Theory:   All oscillators are in fact feedback systems with an amplifier in the feedback loop.        This applies to EVERY case from electronics to social/policital systems to robots.

Solution:  Don’t build that kind of loop.

When I took a class on self-driving cars, we did behavior cloning where we trained a car to lane-keep from human driving data.  It works OK EXCEPT if it ever gets into a situation it was not trained on like “car t-boned the guard rail”.     This is where the linguistic system shines.  It can reason its way out of situations it has not seen.    That said, if you have enough data, you don’t need reasoning.   But no hobbyist will ever get to own that much data.
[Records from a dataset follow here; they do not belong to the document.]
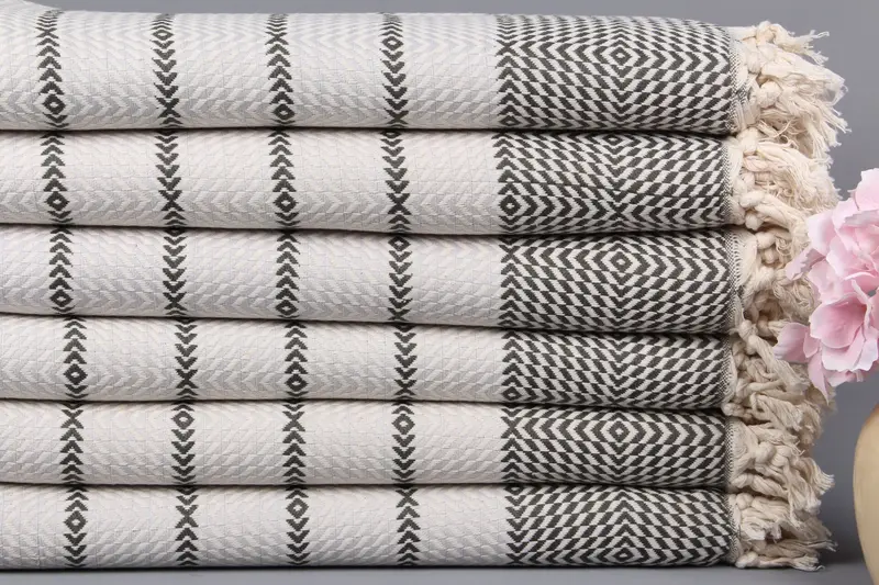 Türk Hamam Havlusu Plaj Koyu Yeşil-Gri Elmas Çizgili, 40x79 İnç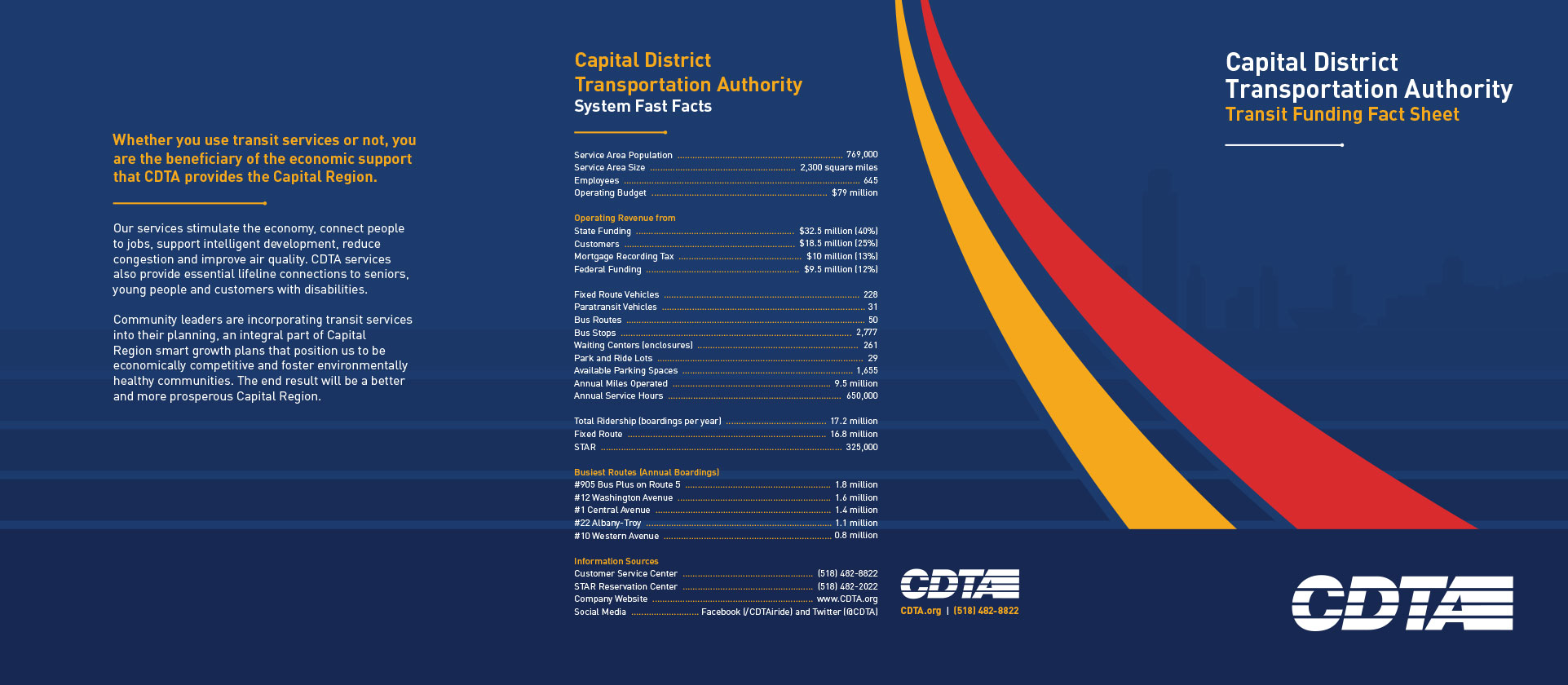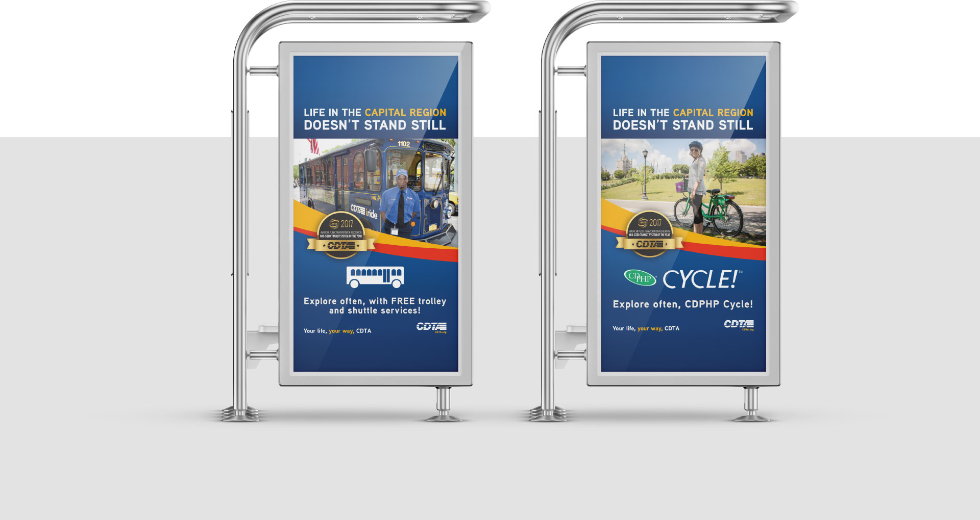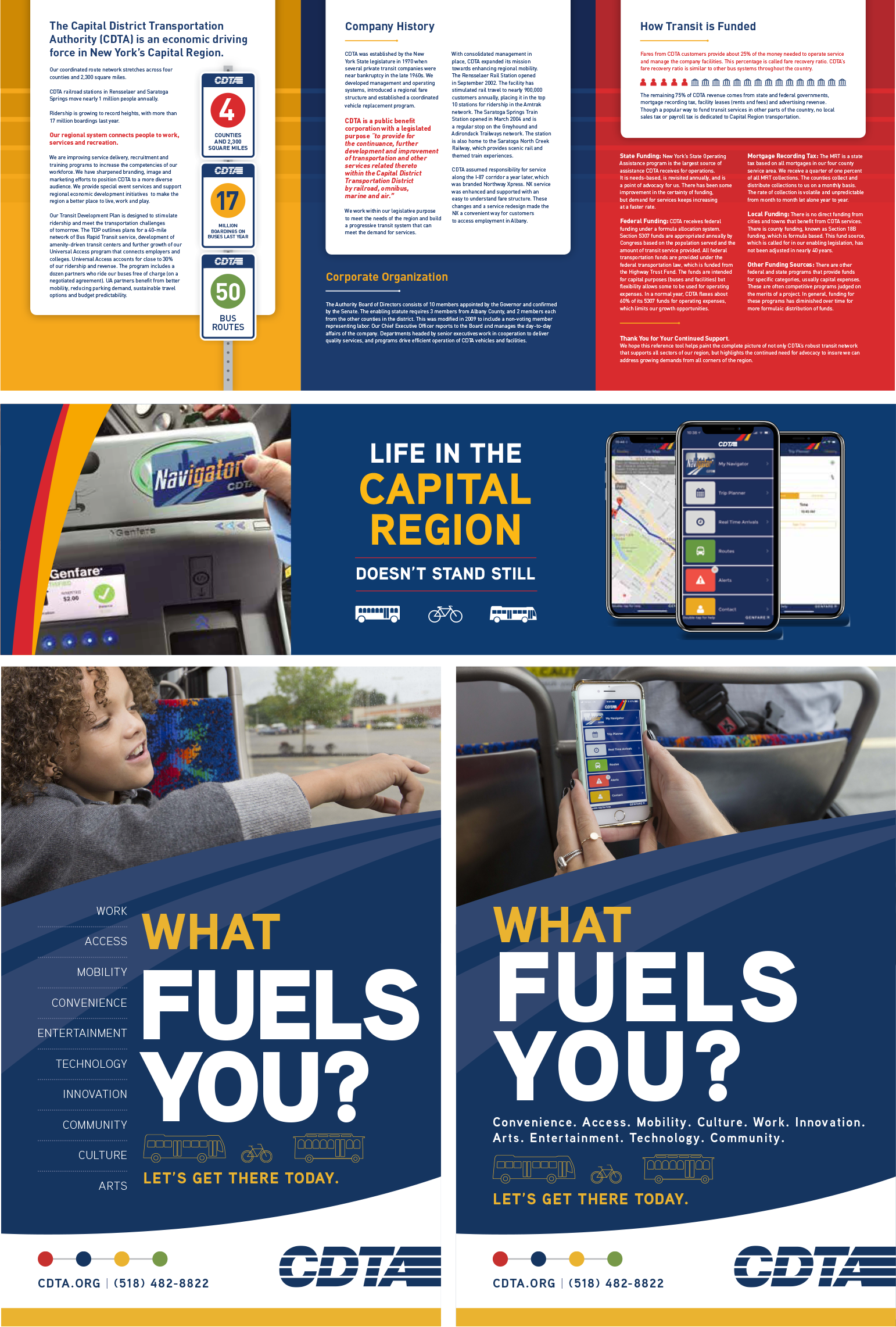 As the brand has continued to grow, Overit has been there to help CDTA message new services and initiatives, and to tell great mobility stories via a diverse mix of marketing collateral. Whether a bus shelter, a poster, a training brochure, a fare schedule, an information sheet, or even graphics for CDTA-branded merchandise, Overit has worked to tell the CDTA story with excitement.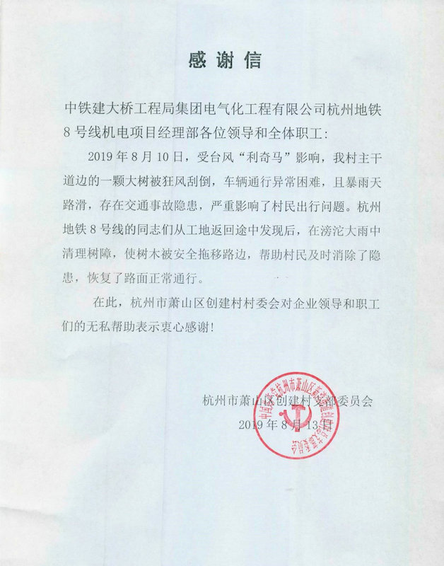 8月13日,中鐵建大橋局電氣化公司杭州地鐵8號(hào)線項(xiàng)目部收到杭州市蕭山區(qū)創(chuàng)建村的感謝信,表彰項(xiàng)目干部職工在超強(qiáng)臺(tái)風(fēng)“利奇馬”侵襲的關(guān)鍵時(shí)刻,用實(shí)際行動(dòng)主動(dòng)協(xié)助地方“抗臺(tái)風(fēng)”,幫助村民清除樹障,表示誠(chéng)摯感謝。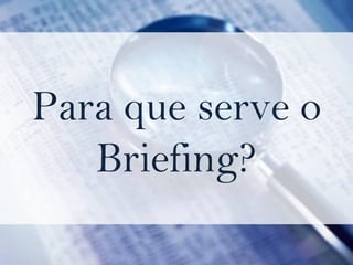 O documento discute o briefing de mídia e fornece dicas para sua elaboração. O briefing de mídia deve conter informações sobre o produto, público-alvo, posicionamento da marca, geografia, distribuição, sazonalidade, atividades promocionais e orçamento. Um bom briefing é conciso, crítico, evita excessos de formalidade e se concentra no objetivo do cliente.
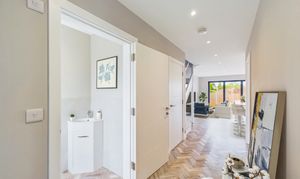 Offering luxury herringbone vinyl flooring and neutral decor, the spacious hall entrance opens up onto the kitchen/family room. Offering a large utility cupboard with adequate plumbing for a washing machine, the entrance hall is generous and bright.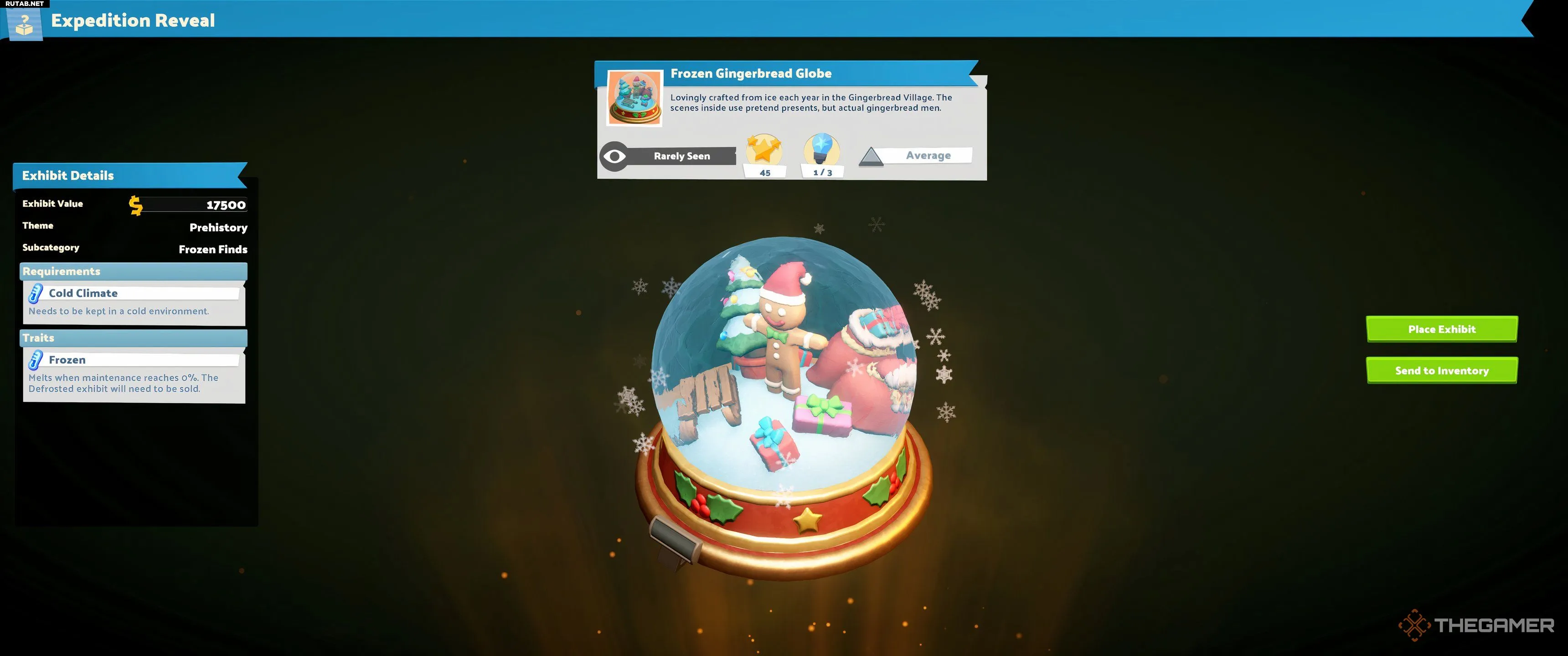 Всего добавлено четыре новых экспоната. Пряничная деревня открывает экспонат растения холодного климата и обычный экспонат холодного климата.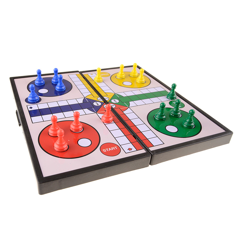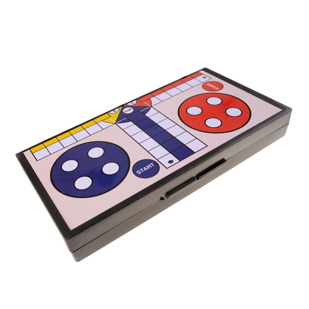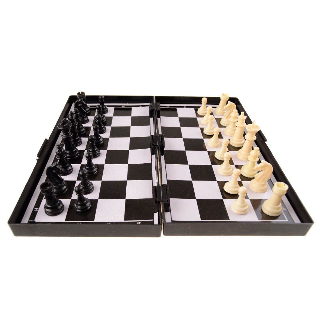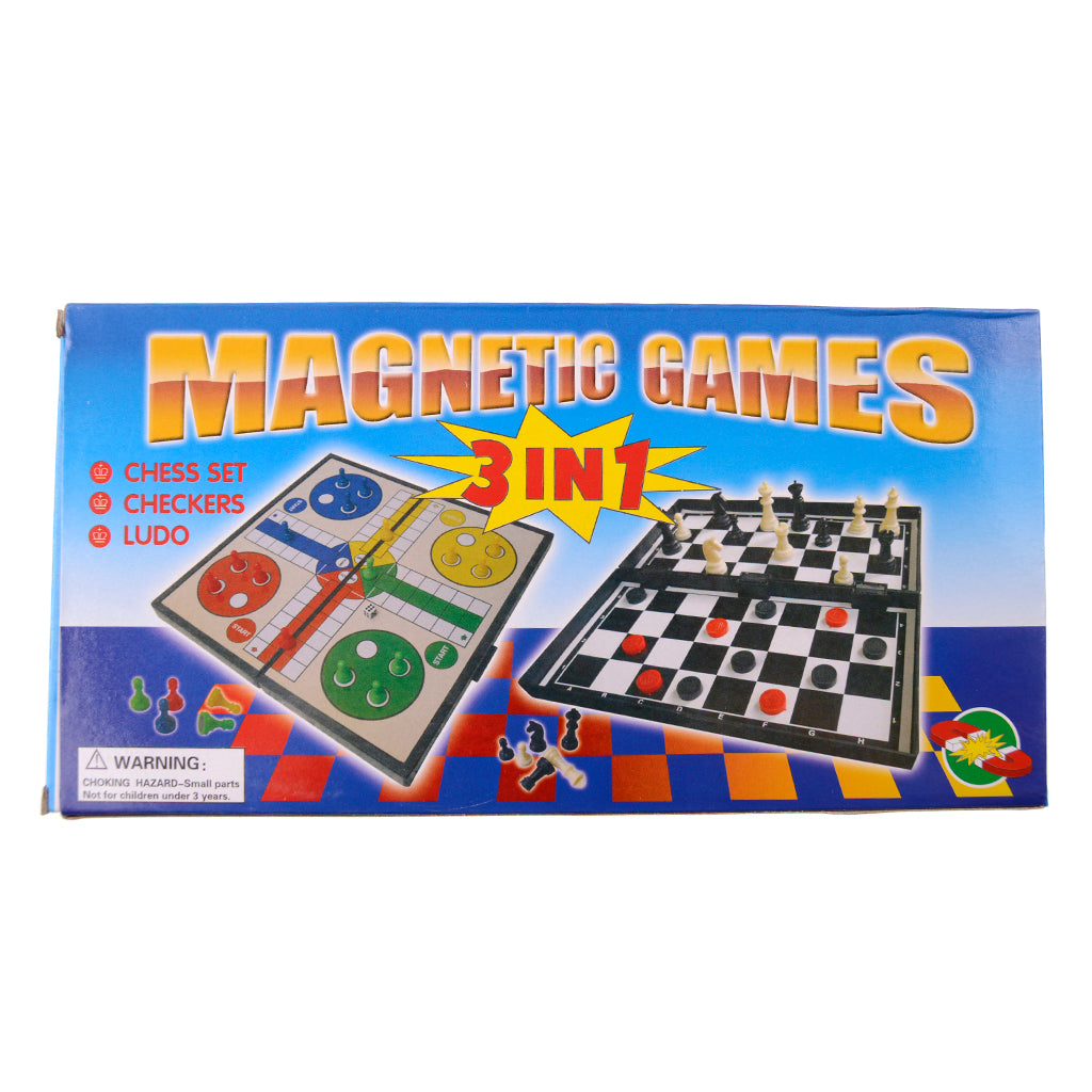 Магнитен комплект 3 в 1 - шах, "Не се сърди човече" и морски шах в PVC кутия, удобен за питници или за плажа.

Drivng is an Interresting problem, but I’ve moved on to something different:  a self-driving house.   Fun thing I just learned:   a $10 device can track human motion by how they block and reflect 5Hz WiFi signals.   It is called “WiFi Sensing” and is good enough that a robot with a WiFi receiver can detect human gestures.    This is VERY SPOOKY as you could in theory track what people in a house were doing from the sidewalk using how their motion distorted the radio waves.     

  (See GitHub project Spectre to try it.).  This seem pperfect for robots.    They do not =need to spray-out energy with a LIDAR or ultra sonic “pings" if the house is already flooded with WiFi radio.